ASSIGNMENT:
Omit all pictures, then retype the data exactly as given.

THE DATA:
»»

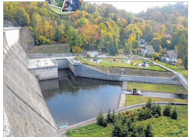
Dieses Ensemble von der Wendefurthertalsperre aus hat Dirk Schmidt aus Thales Ortsteil Altenbrak mit seiner Kamera eingefangen.
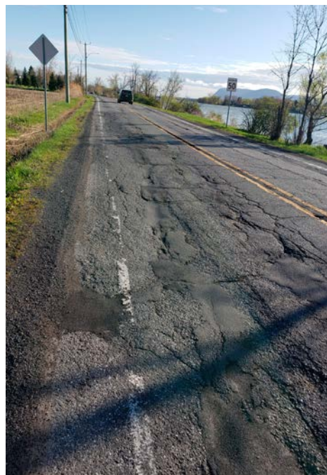
Le chemin Richelieu à Saint-Basile.
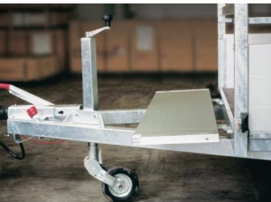
Ridelle en avant ouverte
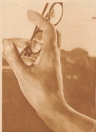
Hand eines Schriftstellers

««

ANSWER SPACE:
Dieses Ensemble von der Wendefurthertalsperre aus hat Dirk Schmidt aus Thales Ortsteil Altenbrak mit seiner Kamera eingefangen.
Le chemin Richelieu à Saint-Basile.
Ridelle en avant ouverte
Hand eines Schriftstellers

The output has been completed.